ABOUT THIS TASK :: In the entries that follow, find the line containing "Lưỡi kiếm làm" and the line containing "コストコのディナーロール1個あたりのカロリーと値段が知りたいな…", then retype exactly the lines from the first through the second, pictures excluded.

INPUT MATERIAL ::

———

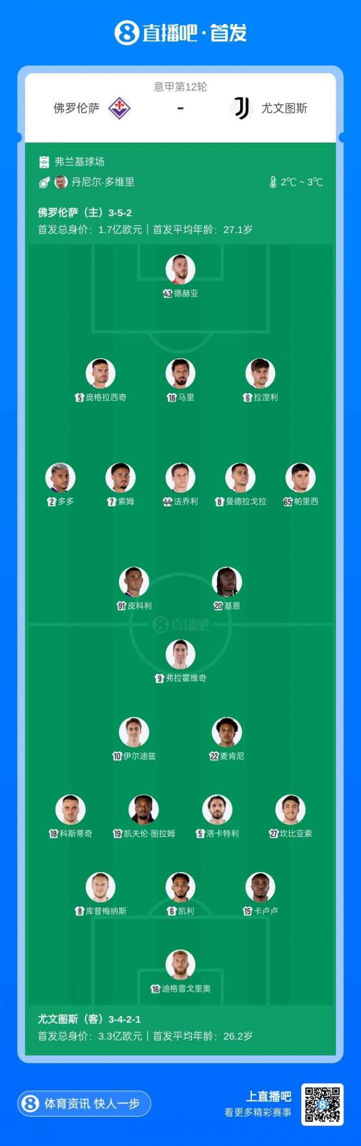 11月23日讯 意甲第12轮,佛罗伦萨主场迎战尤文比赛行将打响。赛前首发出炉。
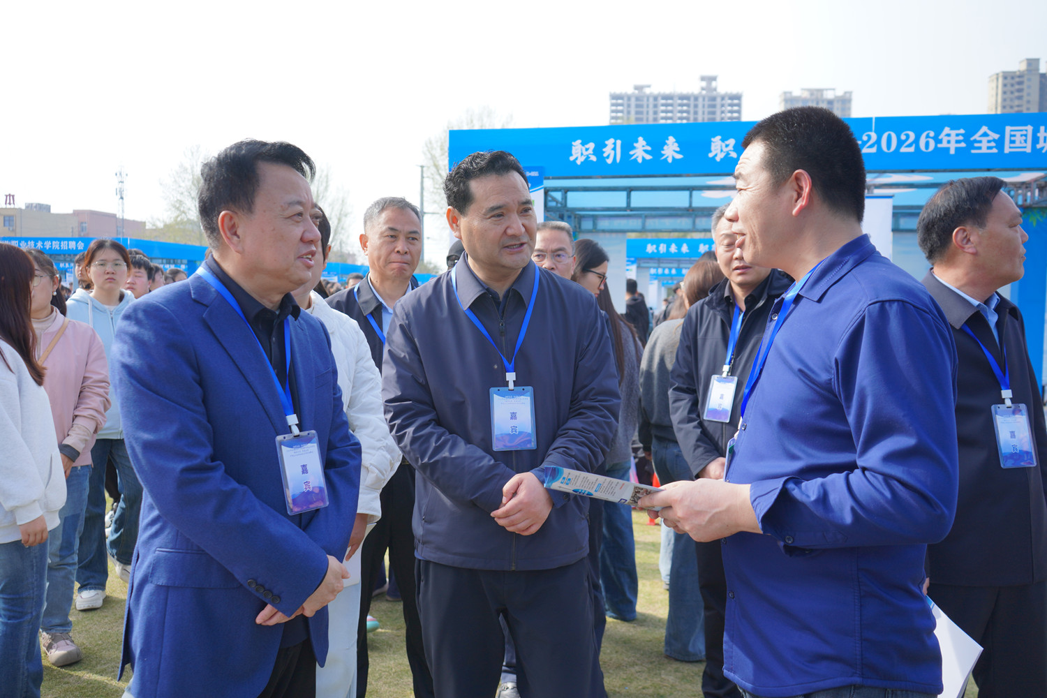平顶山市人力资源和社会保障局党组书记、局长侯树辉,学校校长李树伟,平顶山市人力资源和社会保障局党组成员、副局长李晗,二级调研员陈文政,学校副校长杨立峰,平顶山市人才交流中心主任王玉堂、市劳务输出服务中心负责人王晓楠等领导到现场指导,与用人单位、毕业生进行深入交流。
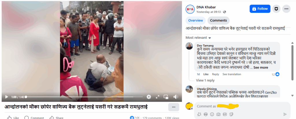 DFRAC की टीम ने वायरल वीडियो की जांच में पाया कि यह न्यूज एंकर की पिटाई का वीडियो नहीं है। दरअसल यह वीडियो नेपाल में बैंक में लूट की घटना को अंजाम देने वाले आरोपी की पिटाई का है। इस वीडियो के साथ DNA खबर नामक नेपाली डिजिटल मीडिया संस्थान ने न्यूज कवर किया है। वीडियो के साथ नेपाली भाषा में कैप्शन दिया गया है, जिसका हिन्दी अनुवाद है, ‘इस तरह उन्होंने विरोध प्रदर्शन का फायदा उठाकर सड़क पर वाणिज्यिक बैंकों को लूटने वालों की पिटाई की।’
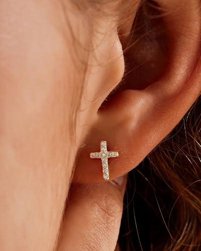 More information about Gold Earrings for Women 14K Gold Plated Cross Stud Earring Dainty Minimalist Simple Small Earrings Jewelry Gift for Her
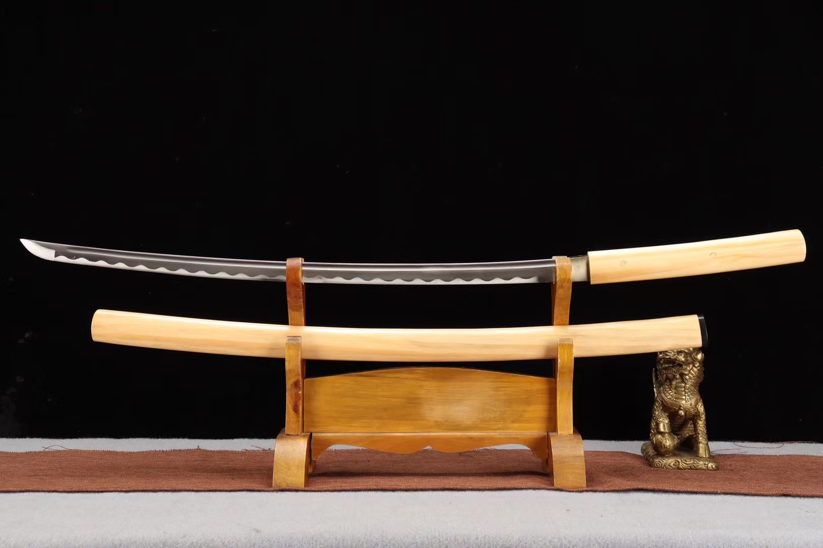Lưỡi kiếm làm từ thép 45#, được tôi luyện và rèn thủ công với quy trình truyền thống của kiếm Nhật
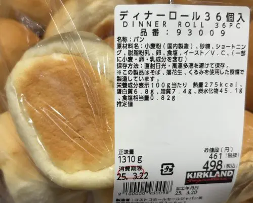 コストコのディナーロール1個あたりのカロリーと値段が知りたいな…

———

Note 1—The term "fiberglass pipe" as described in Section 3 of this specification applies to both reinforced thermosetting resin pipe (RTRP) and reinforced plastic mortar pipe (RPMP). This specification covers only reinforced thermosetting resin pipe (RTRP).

———

ANSWER TO THIS PROBLEM ::
Lưỡi kiếm làm từ thép 45#, được tôi luyện và rèn thủ công với quy trình truyền thống của kiếm Nhật
 コストコのディナーロール1個あたりのカロリーと値段が知りたいな…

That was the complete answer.